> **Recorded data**
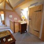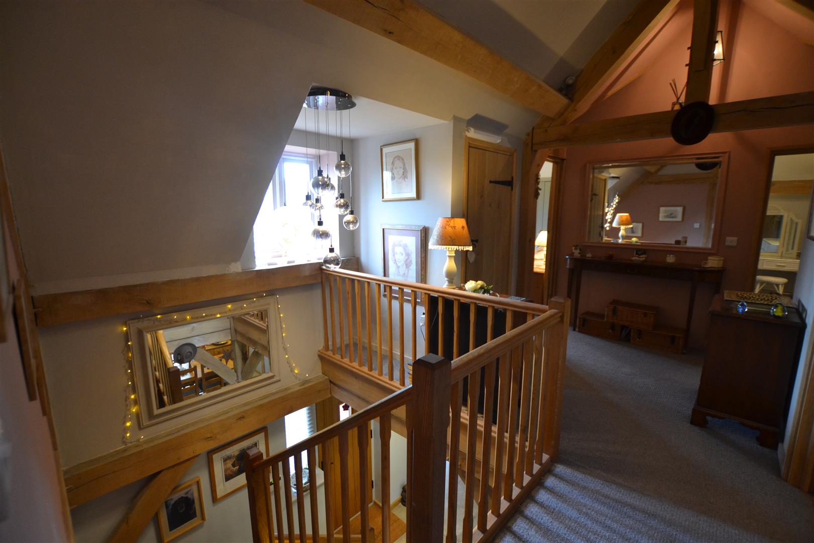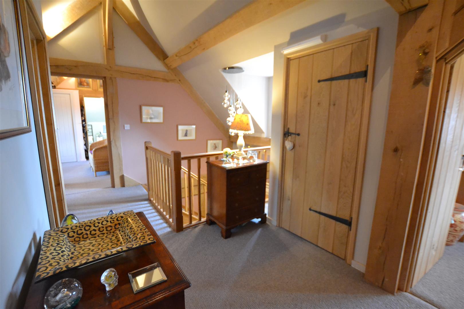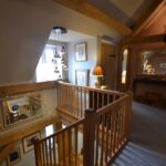 From the dining hall an attractive open oak staircase rises up to an impressive first floor landing with a vaulted ceiling, a window to the front, a latch and lever door into a cloaks cupboard and latch and lever doors giving access to all bedrooms and bathroom as listed.
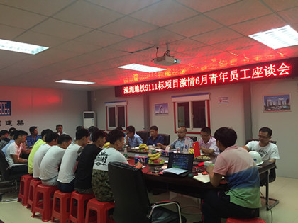 座谈会现场 拧成一股绳,博尽一份力;狠下一条心,共圆一个梦。 6月14日晚上,隧道公司盾构分公司深圳地铁9111标项目为进一步关注青年员工,了解其思想动态,加强与青年员工的交流、沟通,解决实际问题,鼓舞员工工作激情,深圳地铁9111标项目特意召开以“点燃工作激情,打造激情团队”为主题的青年员工座谈会。 会上,深圳地铁9111标项目每一位青年员工根据自身的实际情况,各抒己见,畅所欲言。针对这次座谈会的主题,有高屋建瓴的深刻见解,有未雨绸缪的长远见识,有生动鲜活的切身感受,也有脚踏实地的实干决心。“作为五局的一份子,我们要牢记青年人的责任和担当,要以执着的信念,过硬的盾构施工技术,熟练的操作技能,脚踏实地的立足本工作岗位,以饱满的激情站在新起点,迎接新挑战,创造新成绩;以实际行动创造深圳速度,抓质量,抢工期,抢进度,展现青年人的风采,实现作为一名五局年轻人的价值。贵在坚持难在坚持成在坚持;盾构分公司深圳地铁9111标项目机电总工兼安全总监李正书说” 最后,项目经理罗德静对此次座谈会进行了总结,肯定了这次青年员工座谈会的成果,对座谈会的活跃气氛表示意外和欣喜,并鼓励青年员工立足岗位,满怀激情的投入工作,最大程度地激发其工作热情,增加工作的计划性,有条有序的不要没有计划的盲目去工作,希望今后每月一次的青年员工座谈会能有更好的结果,从而促进公司和青年员工的长足发展。他还说:点燃工作激情,打造激情团队,奋起飞翔,路就在脚下。 (文/隧道公司盾构分公司深圳地铁9111标项目:苟岳会)
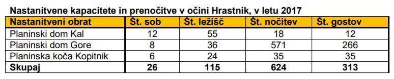 Leta 2013 je Hrastnik imel 333 nočitev, leta 2014 samo še 243. Številka pa se je drastično spremenila predlani in lani, ko so se nočitve v Gorah tako povečale, da so 2016 skupno zabeležili kar 675 nočitev.
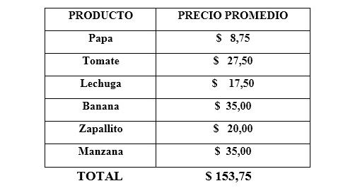 • El total de $ 143,75, es lo que el cliente gastaría en la compra de 1 kg. de frutas y verduras, habitualmente más vendidas esta semana.
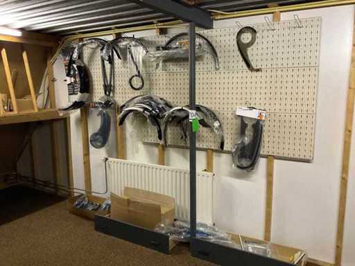 Partij fiets onderdelen/ accessoires aan wandstelling en in houten bakken, incl houten bakken, excl wandstelling
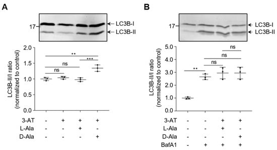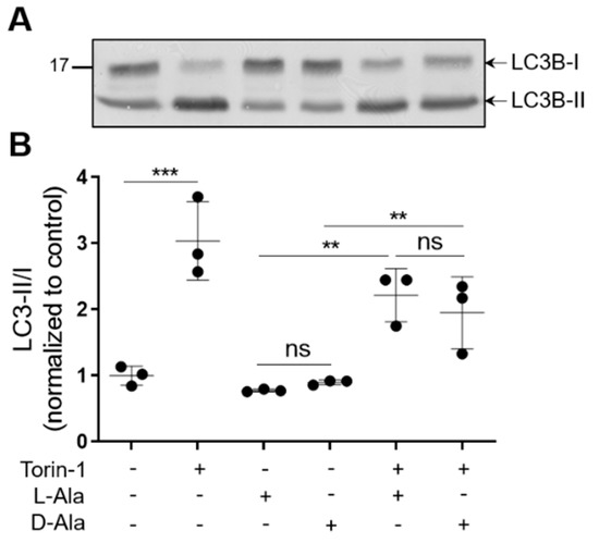 Moderate levels of po-H2O2 do not affect the processing of LC3B-I to LC3B-II. DD-DAO Flp-In T-REx 293 cells were cultured as described in the legend to Figure 3 and pre-incubated or not pre-incubated with 1 µM Torin-1 for 8 h. Thereafter, the cells were transferred to mMEMα (for details, see Section 2) supplemented with 10 mM L-Ala, 10 mM D-Ala, and/or 1 µM Torin-1. After 2 h, the cells were processed for immunoblotting with an antibody specific for LC3B. (A) Representative immunoblot. (B) Quantification of the LC3B-II/LC3B-I ratios. The data represent the means ± SD of three independent experiments. ***, p < 0.005; **, p < 0.01; ns, non-significant.
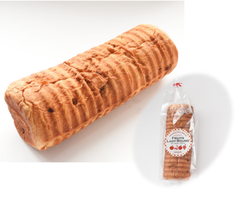 <ラウンドパンフルーツレディー>小麦粉(国内製造)、フルーツ砂糖漬(砂糖、オレンジピール、レーズン、水あめ、チェリー砂糖漬、洋酒、乾燥アップル)、バター入りマーガリン、ショートニング、発酵種、パン酵母、食塩、小麦グルテン、香辛料(シナモンパウダー)、果汁粉末/加工でん粉、酒精、増粘剤(アルギン酸エステル)、香料、着色料(カルミン酸)、(一部に小麦・乳成分・オレンジ・りんごを含む)
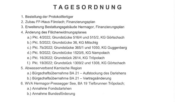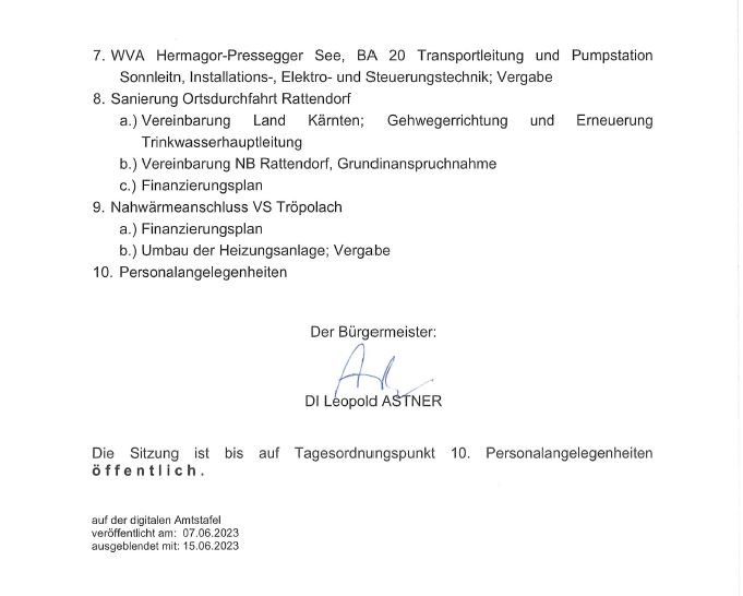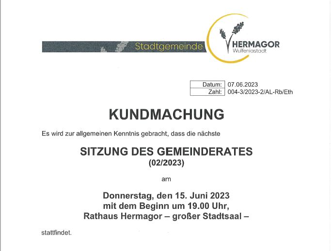 Die Sitzung des Gemeinderates findet am Donnerstag, dem 15. Juni 2023, mit Beginn um 19:00 Uhr im Rathaus Hermagor – großer Stadtsaal statt.
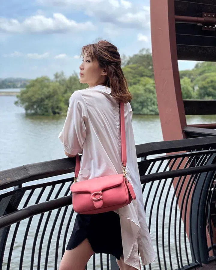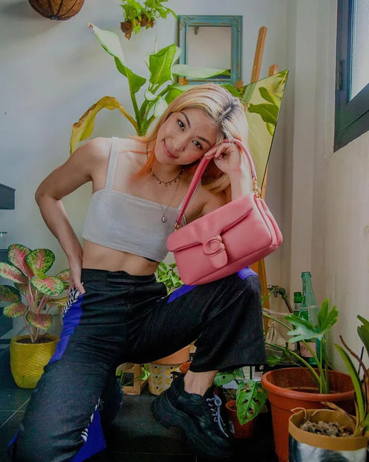 最近刚发新单曲《Just Shut Up》的Narelle,也拎了同款Coach Tabby枕头包。她穿上设计简约的运动胸罩及运动裤,并隐约露出腹肌,大展阳光的少女感!
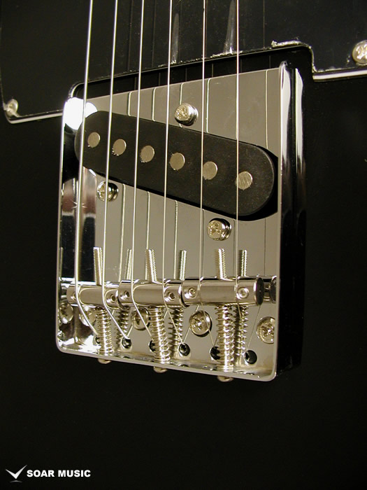 テレキャスターの特徴でもあるリアピック部分まで幅広く延長されたブリッジプレートは独特のサウンドにも大きな影響を与えています。
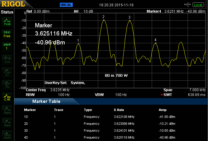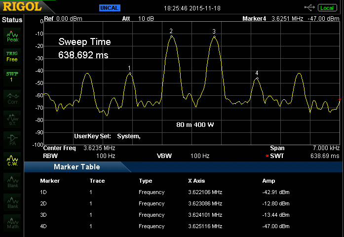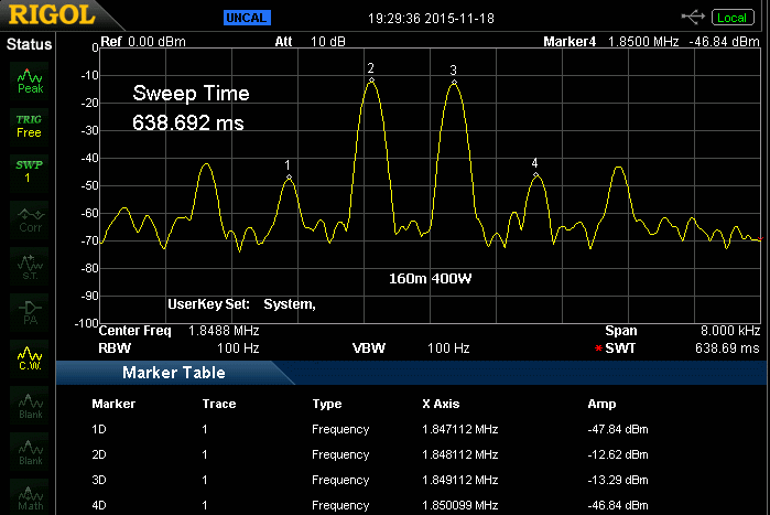 After mounting all modifications the power was measured with a Bird watt meter, 2500H (2.5 kW element, insert, slug, turret) and Bird dummy load. Drive power was always kept at 100 W. Please note that the output in the table is partly achieved by exceeding the maximum grid and anode current. With SSB and negative feedback modification one could keep the measured transmit power safely because the average value is lower than with a carrier.
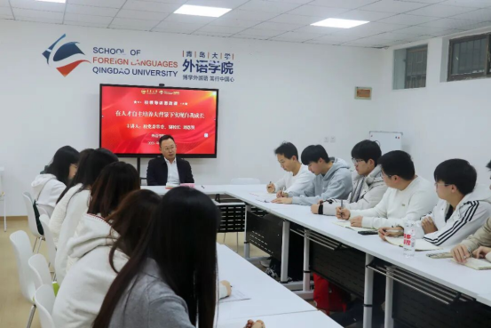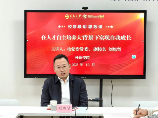 12月22日下午,青島大學(xué)黨委常委、副校長劉恩賢在博文樓204會議室,為外語學(xué)院2023級英語(語言大數(shù)據(jù))創(chuàng)新實(shí)驗班講授題為《在人才自主培養(yǎng)大背景下實(shí)現(xiàn)自我成長》的思政課,與學(xué)子們共同探討中國式現(xiàn)代化新征程中個人事業(yè)選擇與青年一代的責(zé)任擔(dān)當(dāng)。外語學(xué)院院長卞建華、黨委副書記于苗、2023級輔導(dǎo)員夏淼一同聽課,活動由卞建華主持。
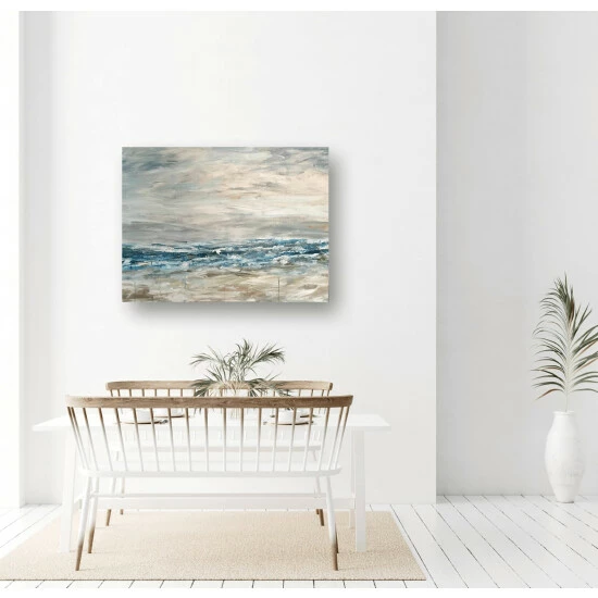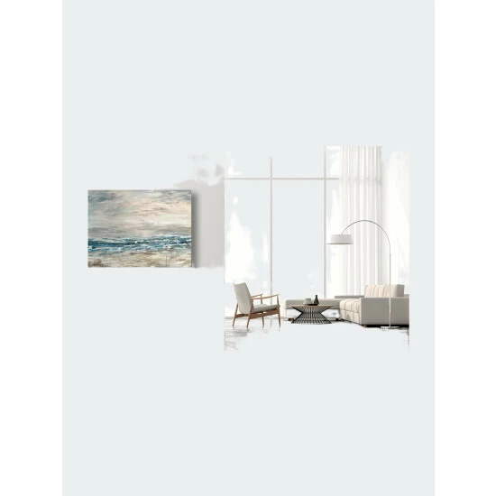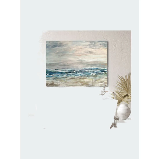 A serene, minimal abstract piece of a horizon line through the promising surf that lays off the coast of Southern California. Artist Enhancement: Johnny himself adds a little acrylic paint on the canvas to create heavy texture.
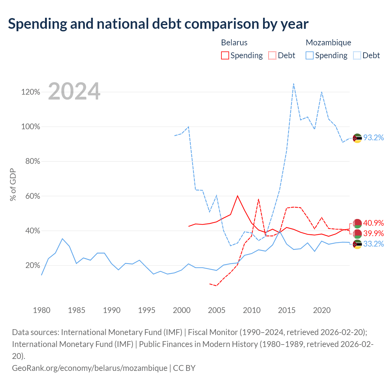 Belarus has $30.3B in government debt (39.9% of GDP), compared to $21.2B (93.2% of GDP) in Mozambique.
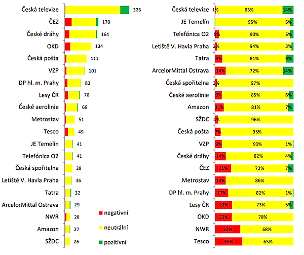Pozn.: Firmy v pravém grafu jsou řazeny podle rozdílu mezi podílem pozitivních a negativních výpovědí od nejpříznivěji hodnocených po nejméně příznivě hodnocené
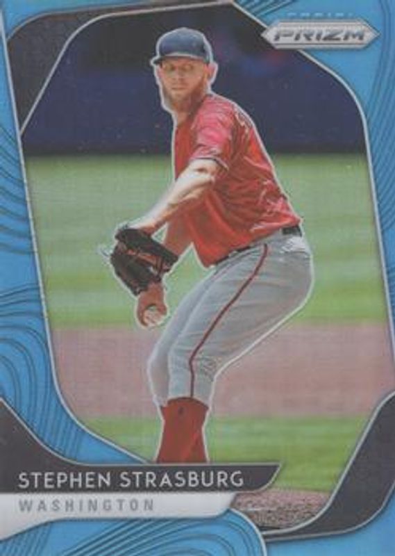 The Stephen Strasburg 2020 Prizm #93 Carolina Blue card is 1 of 71 Stephen Strasburg's card variations in the 2020 Prizm set being tracked by Sports Card Investor, including Base, Blue, Cosmic Haze, Pink, and Purple.

> **Exercise brief**
There should be an exact restatement of the lines from the line with "Belarus has $30.3B" through the last line of the entries above, and no pictures in it.

> **Solution**
 Belarus has $30.3B in government debt (39.9% of GDP), compared to $21.2B (93.2% of GDP) in Mozambique.
Pozn.: Firmy v pravém grafu jsou řazeny podle rozdílu mezi podílem pozitivních a negativních výpovědí od nejpříznivěji hodnocených po nejméně příznivě hodnocené
 The Stephen Strasburg 2020 Prizm #93 Carolina Blue card is 1 of 71 Stephen Strasburg's card variations in the 2020 Prizm set being tracked by Sports Card Investor, including Base, Blue, Cosmic Haze, Pink, and Purple.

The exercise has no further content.